▶ PROBLEM
Copy the data exactly. Images are to be left out.
[Opening GIVEN INFORMATION section]
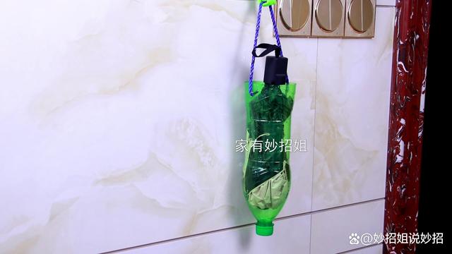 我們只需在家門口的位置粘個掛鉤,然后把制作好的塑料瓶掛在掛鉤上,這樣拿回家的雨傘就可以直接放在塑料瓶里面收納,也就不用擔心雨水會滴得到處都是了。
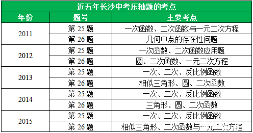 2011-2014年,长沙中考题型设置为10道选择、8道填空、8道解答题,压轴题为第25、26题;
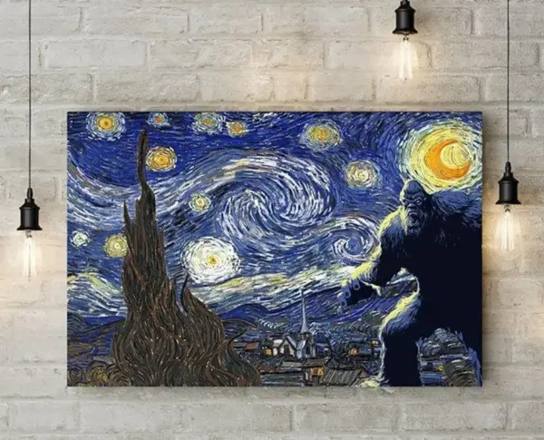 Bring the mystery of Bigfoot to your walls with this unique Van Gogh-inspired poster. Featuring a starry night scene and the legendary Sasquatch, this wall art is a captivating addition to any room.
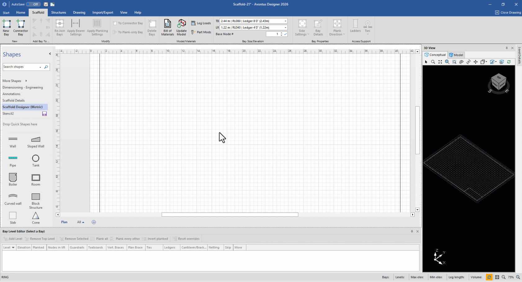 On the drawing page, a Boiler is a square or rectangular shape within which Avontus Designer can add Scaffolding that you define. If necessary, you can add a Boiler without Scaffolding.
[Closing GIVEN INFORMATION section]
▶ RESULT BELOW
 我們只需在家門口的位置粘個掛鉤,然后把制作好的塑料瓶掛在掛鉤上,這樣拿回家的雨傘就可以直接放在塑料瓶里面收納,也就不用擔心雨水會滴得到處都是了。
 2011-2014年,长沙中考题型设置为10道选择、8道填空、8道解答题,压轴题为第25、26题;
 Bring the mystery of Bigfoot to your walls with this unique Van Gogh-inspired poster. Featuring a starry night scene and the legendary Sasquatch, this wall art is a captivating addition to any room.
 On the drawing page, a Boiler is a square or rectangular shape within which Avontus Designer can add Scaffolding that you define. If necessary, you can add a Boiler without Scaffolding.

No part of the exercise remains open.